True Value has welded rabbit wire. It's 1"X1 1/2", 30 inches high.


----------



## Badgersbunk (Feb 7, 2011)

This year I keep a healthy supply of radishes on the outside of my garden and it seems to keep them happy so they haven't bothered anything else yet. Just something I'm trying this year to see if cohabitation is possible


----------



## CHASINEYES (Jun 3, 2007)

Had the same thing going on two years ago, right through the 2x4 wire. I had to run a 2ft section of 1x1 hole dia. wire along the bottom. Then i had to burry it as they were digging under. Between the deer, rabbits and ground squirrels, I've lost much interest in my garden.


----------



## ibthetrout (Sep 24, 2003)

I thought about 1" hardwire, but a hundred feet would be expensive!


----------



## DecoySlayer (Mar 12, 2016)

ibthetrout said:


> I thought about 1" hardwire, but a hundred feet would be expensive!

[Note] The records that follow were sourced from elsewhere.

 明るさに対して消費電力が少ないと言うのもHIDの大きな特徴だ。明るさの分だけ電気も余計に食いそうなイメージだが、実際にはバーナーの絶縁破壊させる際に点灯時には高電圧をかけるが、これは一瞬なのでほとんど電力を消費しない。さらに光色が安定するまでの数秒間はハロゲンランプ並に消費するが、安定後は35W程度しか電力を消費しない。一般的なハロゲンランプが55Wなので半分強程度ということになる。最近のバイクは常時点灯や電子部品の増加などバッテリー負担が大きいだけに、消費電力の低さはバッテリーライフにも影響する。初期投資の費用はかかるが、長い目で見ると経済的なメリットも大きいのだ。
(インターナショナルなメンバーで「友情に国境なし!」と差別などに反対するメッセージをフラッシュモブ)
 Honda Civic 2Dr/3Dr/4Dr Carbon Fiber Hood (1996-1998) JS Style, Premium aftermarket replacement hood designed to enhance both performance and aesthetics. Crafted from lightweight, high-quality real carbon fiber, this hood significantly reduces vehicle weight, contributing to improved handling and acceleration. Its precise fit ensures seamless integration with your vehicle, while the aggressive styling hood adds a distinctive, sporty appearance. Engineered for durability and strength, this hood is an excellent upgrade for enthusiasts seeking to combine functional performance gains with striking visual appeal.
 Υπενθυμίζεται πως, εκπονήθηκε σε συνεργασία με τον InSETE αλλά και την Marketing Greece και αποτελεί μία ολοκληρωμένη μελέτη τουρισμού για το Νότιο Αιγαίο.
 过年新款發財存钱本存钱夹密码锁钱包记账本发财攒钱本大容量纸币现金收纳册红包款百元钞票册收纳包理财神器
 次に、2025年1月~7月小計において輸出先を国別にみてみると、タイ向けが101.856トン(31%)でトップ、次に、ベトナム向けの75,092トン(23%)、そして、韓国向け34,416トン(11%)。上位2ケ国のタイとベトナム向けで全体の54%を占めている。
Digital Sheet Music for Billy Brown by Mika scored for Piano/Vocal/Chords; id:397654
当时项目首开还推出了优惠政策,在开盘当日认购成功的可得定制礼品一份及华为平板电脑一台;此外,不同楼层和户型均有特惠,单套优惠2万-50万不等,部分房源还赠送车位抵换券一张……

I guess how expensive it would be could be determined by how much you lose in the garden. It could offset.


----------



## d_rek (Nov 6, 2013)

Dog kennel adjacent to the garden. Granted, you'd need to leave pooch out there all night. But he shouldn't mind too much during the summer.


----------



## ibthetrout (Sep 24, 2003)

DecoySlayer said:


> I guess how expensive it would be could be determined by how much you lose in the garden. It could offset.


I don't have much of a green thumb so it's not like I am getting all that much out of my garden, but I do still enjoy it. I guess that's worth something right?


----------



## ibthetrout (Sep 24, 2003)

d_rek said:


> Dog kennel adjacent to the garden. Granted, you'd need to leave pooch out there all night. But he shouldn't mind too much during the summer.

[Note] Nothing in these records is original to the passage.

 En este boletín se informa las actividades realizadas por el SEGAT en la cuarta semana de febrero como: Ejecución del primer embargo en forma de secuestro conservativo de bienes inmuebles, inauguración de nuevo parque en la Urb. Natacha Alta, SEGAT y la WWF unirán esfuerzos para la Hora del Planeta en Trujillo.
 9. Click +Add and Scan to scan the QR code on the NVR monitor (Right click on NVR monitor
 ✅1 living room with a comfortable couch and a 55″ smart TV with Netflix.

Not an option and would not work. I have a beagle who is always after the rabbits in the back yard, but I swear they just mess with that hound. Let him stalk just close enough that they can still get away.


----------



## PerchPatrol (Mar 31, 2006)

I have the air force deployed in my yard -

I walked into the back yard & startled a hawk who dropped a still-alive, but partially skinned rabbit into the lawn...

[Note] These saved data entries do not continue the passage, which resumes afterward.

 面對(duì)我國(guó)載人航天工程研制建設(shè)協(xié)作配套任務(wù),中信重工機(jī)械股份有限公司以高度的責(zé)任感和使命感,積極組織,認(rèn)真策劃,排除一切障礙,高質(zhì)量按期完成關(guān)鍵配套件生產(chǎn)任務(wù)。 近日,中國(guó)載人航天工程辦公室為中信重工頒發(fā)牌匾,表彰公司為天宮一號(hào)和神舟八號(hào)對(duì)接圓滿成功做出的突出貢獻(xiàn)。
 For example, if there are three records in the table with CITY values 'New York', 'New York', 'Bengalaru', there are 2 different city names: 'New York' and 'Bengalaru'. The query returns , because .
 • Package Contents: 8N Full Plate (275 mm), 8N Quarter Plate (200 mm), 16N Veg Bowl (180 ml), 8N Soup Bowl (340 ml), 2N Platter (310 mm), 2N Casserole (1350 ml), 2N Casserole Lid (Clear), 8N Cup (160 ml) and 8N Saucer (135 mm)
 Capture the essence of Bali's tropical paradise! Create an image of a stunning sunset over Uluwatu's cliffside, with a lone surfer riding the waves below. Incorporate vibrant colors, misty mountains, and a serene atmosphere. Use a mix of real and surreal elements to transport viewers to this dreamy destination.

One less. They have been my nemesis the last couple of years. Kids calling me Elmer Fudd!


----------



## Albaman (Mar 14, 2014)

She Who Must be Obeyed reckons the stuff she uses in the garden does the job. We had the rabbit problem of them eating everything. The stuff is called "DeFence", costs about $20 for a 50oz bottle, reckons it's safe to spray on plants and veggies cause it's made from all natural stuff.


----------



## multibeard (Mar 3, 2002)

They make wire that is smaller at the bottom and gets larger at the top. I bought that after I had a momma rabbit have a litter in a dug out depression the go dog yard after getting in through the 2x4 wire. Needless to say the labs found the baby rabbits


----------



## Kennybks (Mar 29, 2010)

I use 24" of chicken wire at the bottom of my standard 2x4 garden fence. It has worked well.


----------



## sullyxlh (Oct 28, 2004)

multibeard said:


> They make wire that is smaller at the bottom and gets larger at the top..


Good stuff..


----------



## multibeard (Mar 3, 2002)

sullyxlh said:


> Good stuff..


The problem I found with it, is that it does not have high quality welds and will come apart. I have mainly found it was a problem with the top area of the fence when I just used it as a fold open gate with no frame.


----------



## Junior Mint (Dec 3, 2006)

If you have electric nearby plug in a radio. I used to get hammered by deer and bunnies and tried everything but now the sports talk keeps them away


----------



## Boardman Brookies (Dec 20, 2007)

Junior Mint said:


> If you have electric nearby plug in a radio. I used to get hammered by deer and bunnies and tried everything but now the sports talk keeps them away


Brilliant. Never thought if that. I am loosing the war with the rabbits right now so I'll give that a shot


----------



## ibthetrout (Sep 24, 2003)

I found that rabbit fencing to be really cheap and fall apart too, built a small chicken run out of it once. No electricity nearby so the radio idea is out. The spray seems like an ok idea but it's a temporary solution. I think I am going to use chicken wire as suggested. Come fall I am going to shoot every last one of them! I have a beagle and run him on rabbits in the back field. Rarely ever shoot one. Probably why I am in this situation now. This fall I am going Full Fudd!


----------